History and culture - San Luis Valley
The Baca Land Grant No. 4 is older than the county around it
Much of the land around Crestone traces back to a 19th-century land grant to the Baca family, a history now listed on the National Register as a Rural Historic Landscape.
Published June 10, 2026 - Last verified June 15, 2026
A lot of the land around Crestone has roots in a story older than Saguache County itself. In the 1860s, the United States awarded heirs of the Baca family a large tract in the San Luis Valley, known as Baca Land Grant No. 4. It was a swap: the family’s claim to land near Las Vegas, New Mexico, was tangled in competing titles, so they were given alternative public land here instead. The grant descended from earlier Spanish and Mexican land grants in the Southwest.
This is layered, sensitive history, tied to how land in the valley passed between Indigenous peoples, Hispano families, Mexican and Spanish authorities, and finally the United States. It deserves a careful, sourced telling rather than a tidy summary. Part of the old grant later became ranch land, part became the Baca Grande residential area near Crestone, and part is now within the Baca National Wildlife Refuge.
The history is listed on the National Register of Historic Places as a Rural Historic Landscape.
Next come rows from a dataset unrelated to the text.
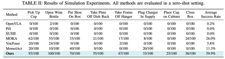 在皆备不需要教训和任务特定微调的情况下,Goal-VLA 在仿真与真确全国中,跳动不同的操作任务、环境、物体类别以致机器东谈主实质,均展现出了雄厚的零样本泛化才智。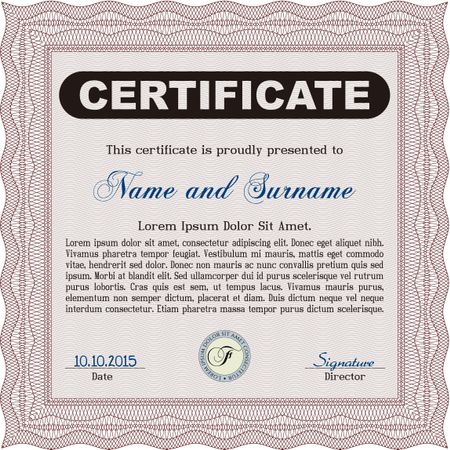 Red Certificate. Detailed. Complex design. Printer friendly.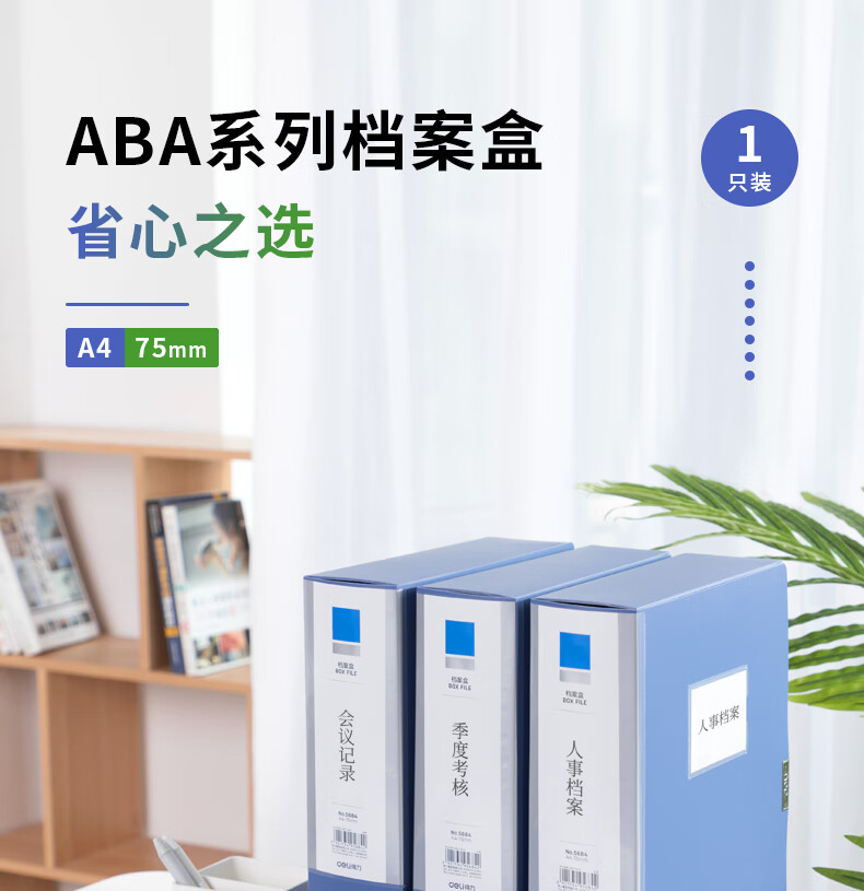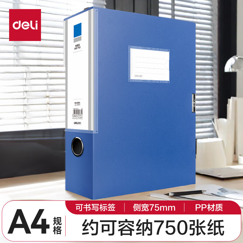 得力(deli) 5684 档案盒 75mm A4塑料文件盒 加厚资料盒 财务凭证 考试收纳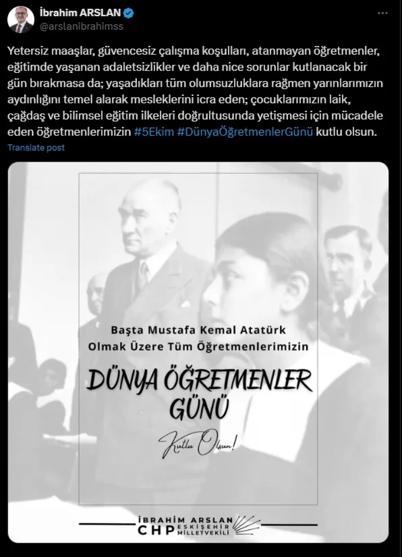“İlgisiyle, sevgisiyle ve şefkatiyle evlatlarımızı yetiştiren istikbalimizin mimarı öğretmenlerimizin 5 Ekim Dünya öğretmenler gününü tebrik ederim.”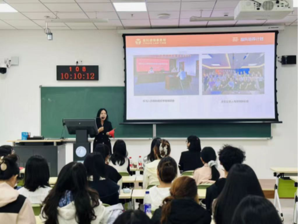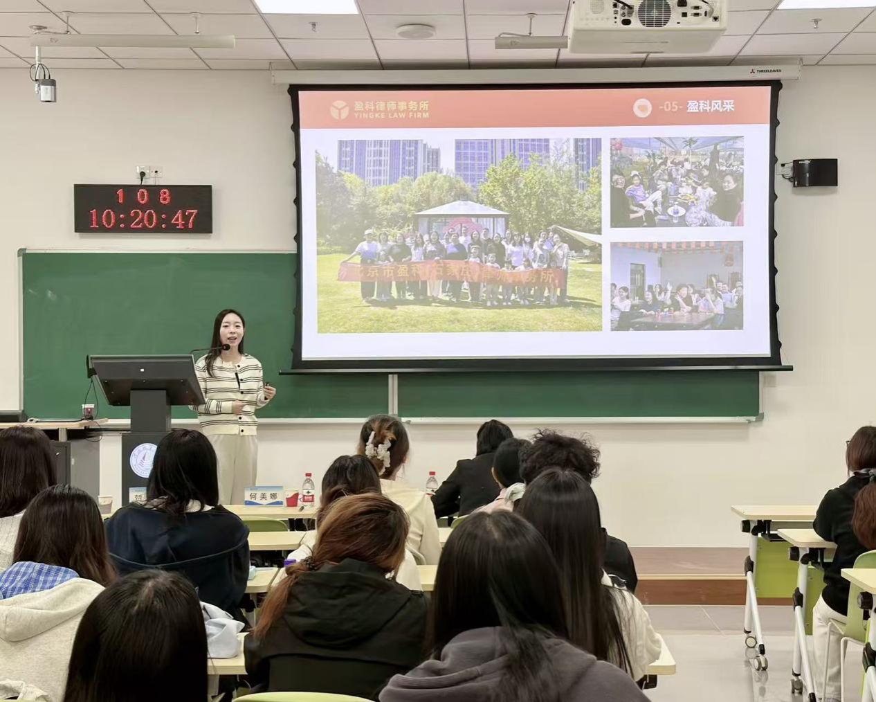 讲座开始,永利3044noc理论法教研室贺季敏老师对盈科律所一行人员表示热烈欢迎,并介绍了学院人才培养的特色和成效。随后袁梦雅向同学们系统介绍了盈科律师事务所的发展历程、业务领域、人才培养体系与晋升路径。从全国布局的办公网络,到多元化的法律业务生态,再到为青年律师打造的成长计划,全方位展现了律所的平台优势与发展潜力。现场,律师团队真诚发出邀约,欢迎永利3044noc优秀学子未来通过实习、校招等渠道加入盈科,与律所共同成长,在法治实践中实现职业价值。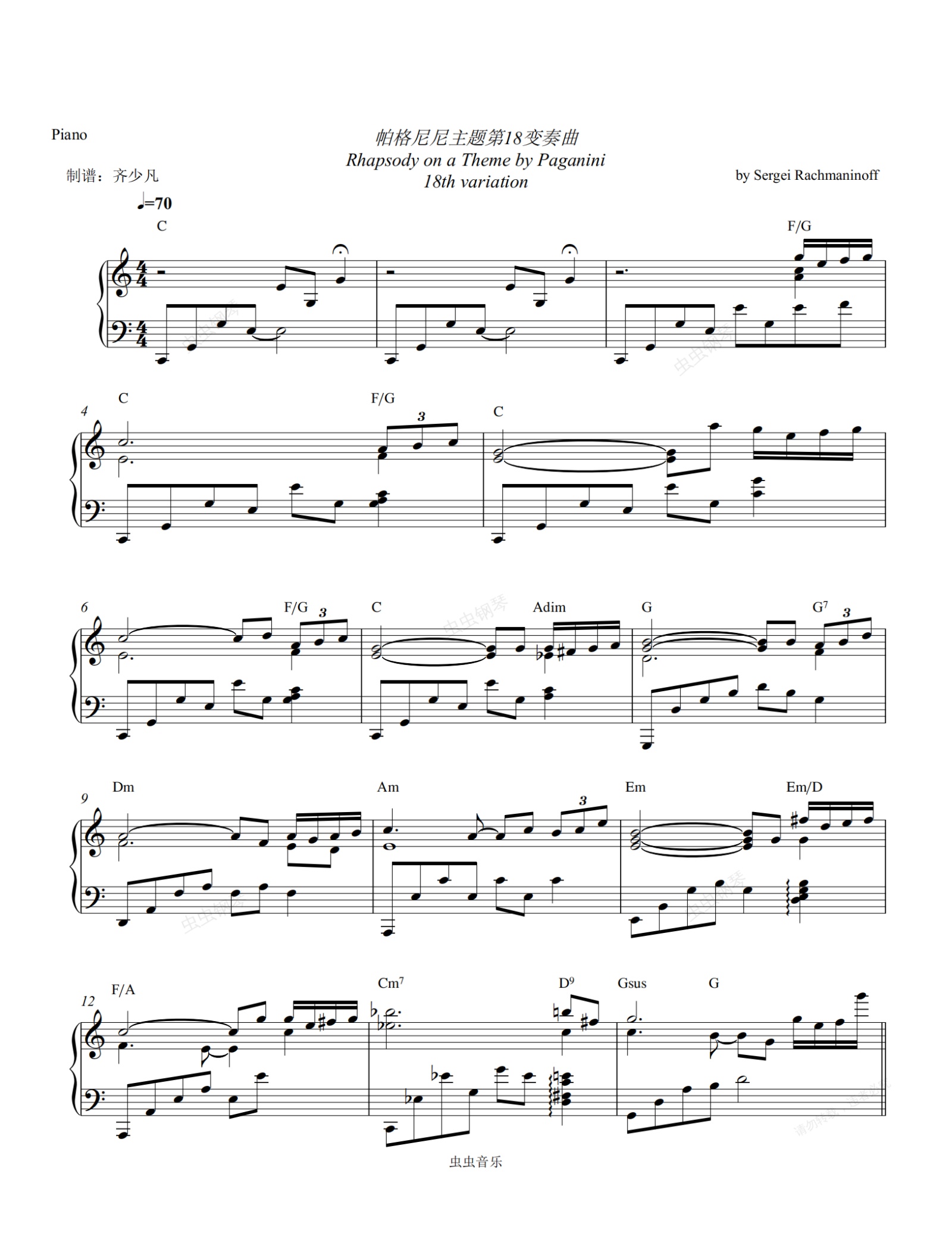 钢琴谱:帕格尼尼主题狂想曲第18变奏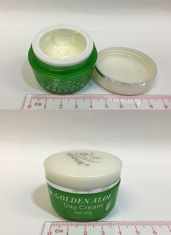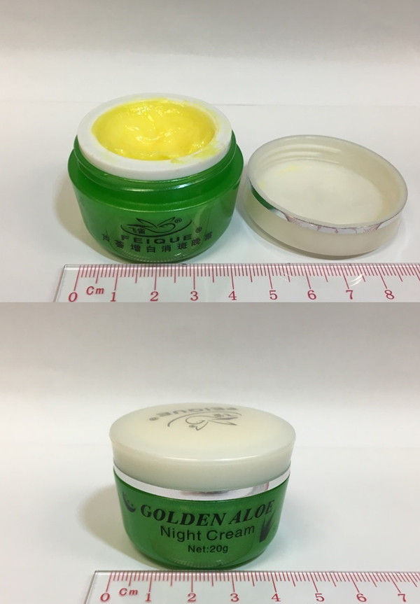 水銀超標的美白晚霜(上圖)及美白日霜(下圖)。
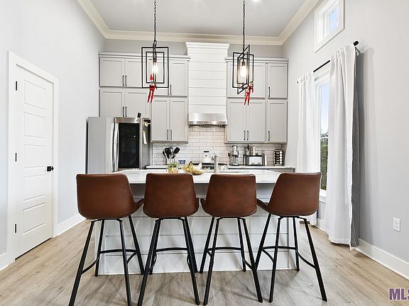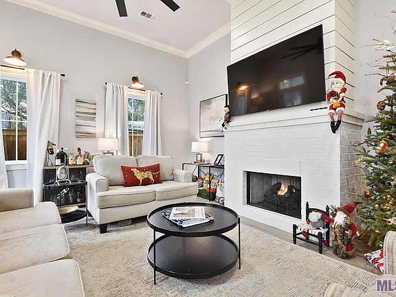 This home feels very spacious with 12 foot ceilings in the open family room and kitchen! The painted brick fireplace centers the living room for balance, there is a large kitchen island with seating for dining. Tons of cabinets for storage as well as a closet pantry and great sized laundry room. This home has never flooded and does not require flood insurance! The circle drive is great for parking and the back yard has a six foot California style fence for full privacy. Off the main bedroom there is a covered patio to the great sodded rear yard. You will see the retaining wall flowerbed in the front of the home that adds to the modern design. Granite & Marble countertops, gas stove, stainless steel appliance, upgrade
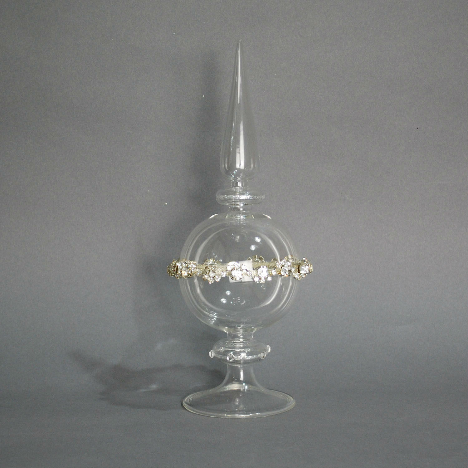 Embellish your table top with this classy and elegant glass finial. It is mouth blown for a unique look and is trimmed with jewel chains. This glass finial flaunts outstanding workmanship and is excellent for using as a gift.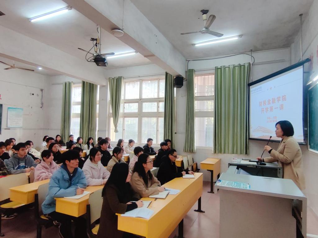 3月3日,校黨委副書記、校長彭慧在教學樓104教室,以“青春向黨,做堪當大任的時代新人”為主題,為財稅金融學院學生講授“開學第一課”。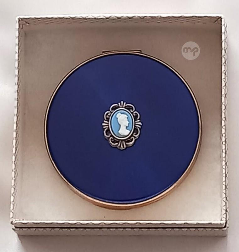 VINTAGE BLUE ENAMEL with CAMEO POWDER COMPACT (1950s/1960s)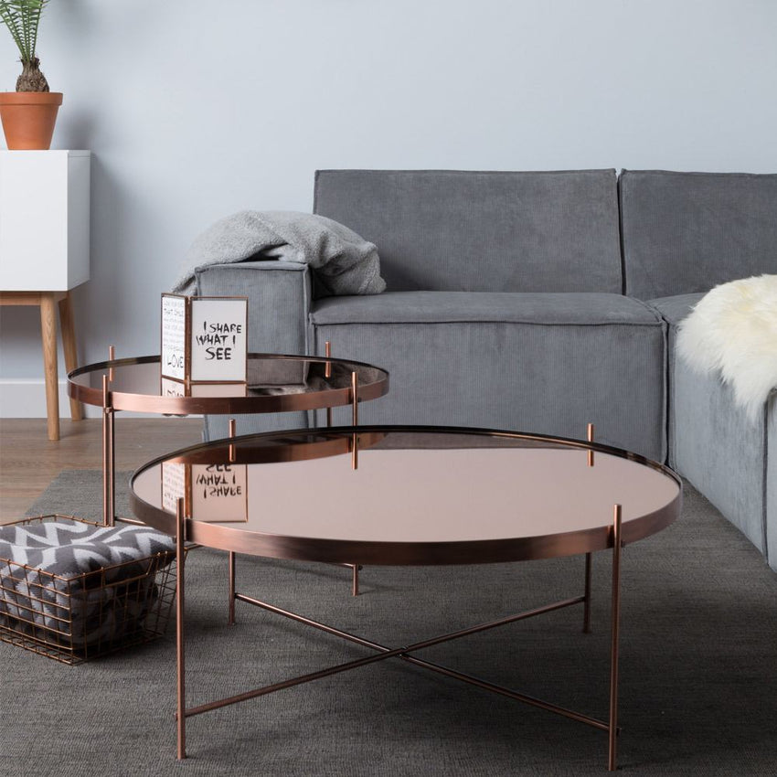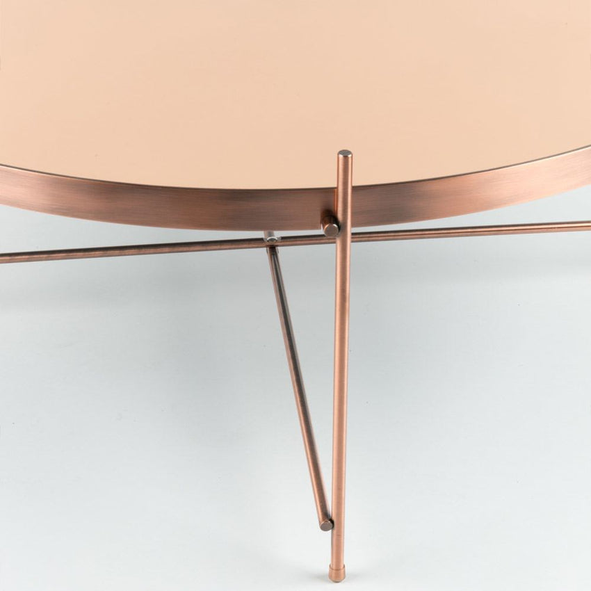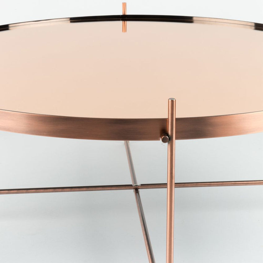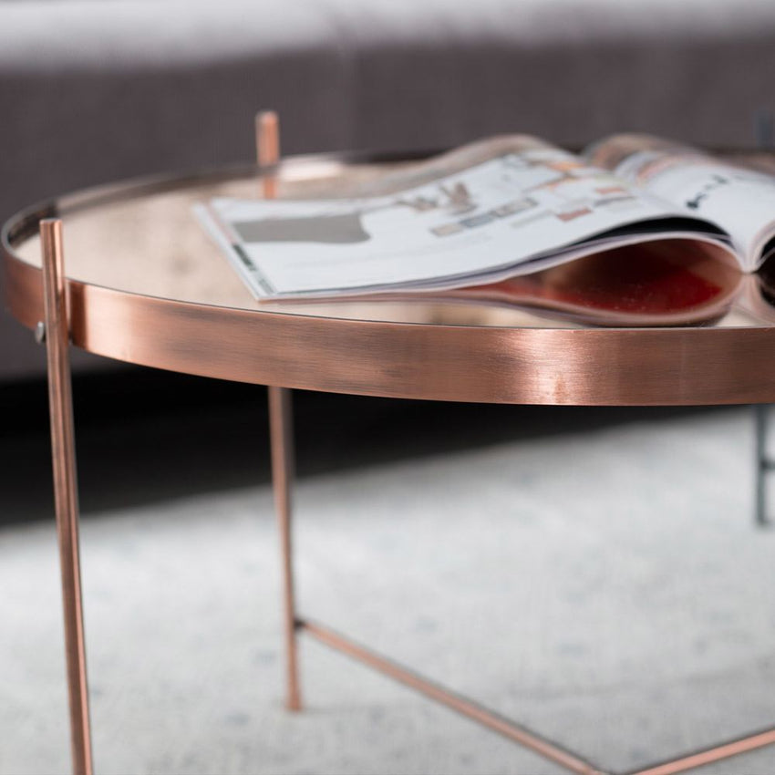 With folding steel base and glass table top, this collection is presented in a choice of copper plated with mirrored glass or black powder coated iron with tempered glass configurations.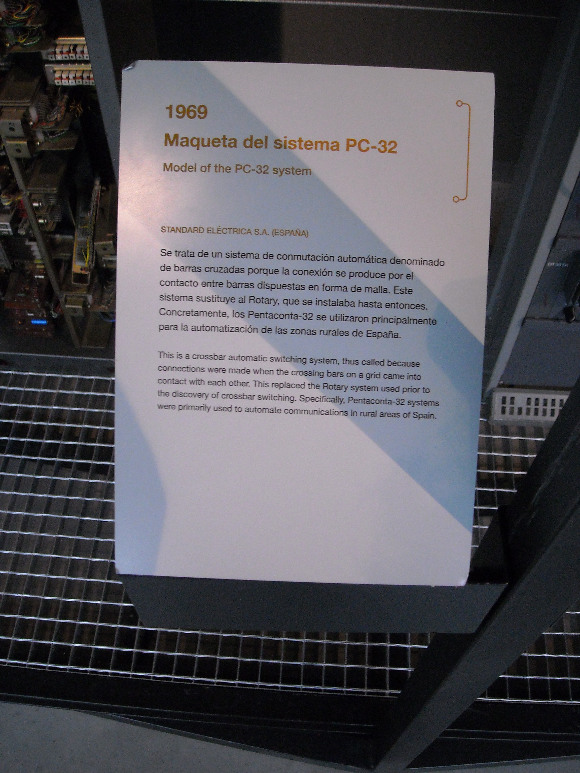 El equipo PC32 es del año 1969 está dispuesto en un sólo bastidor y prestó servicio en la Central Terminal de Unquera (Cantabria), hasta su desmontaje.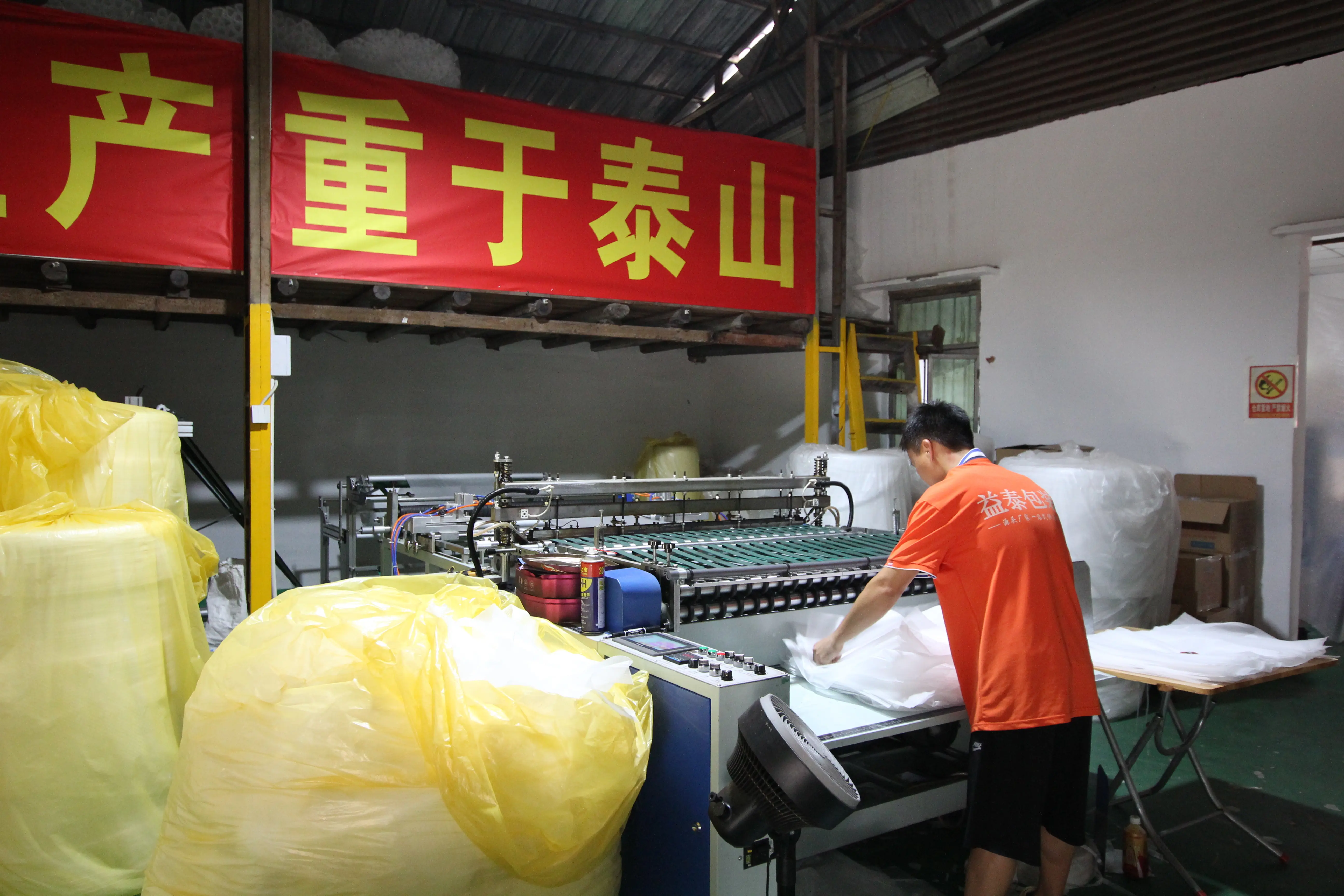 中山市益泰包装材料有限公司 成立于2014年.公司专业生产研发塑料包装产品,公司为了优化产业链而分册成立塑料包装事业部,包装设备事业部,劳保产品事业部,公司从原材料采购控制,到生产控制,运输控制,我公...

That listing recognizes the broader pattern of fields, ranch buildings, and land use rather than a single structure. It is mainly a form of honor and documentation; it does not by itself control what private owners do with their land.
For an accurate account, rely on official and archival sources: History Colorado’s Baca Land Grant No. 4 page, the National Park Service’s National Register program, and the U.S. Fish and Wildlife Service’s page for the Baca National Wildlife Refuge.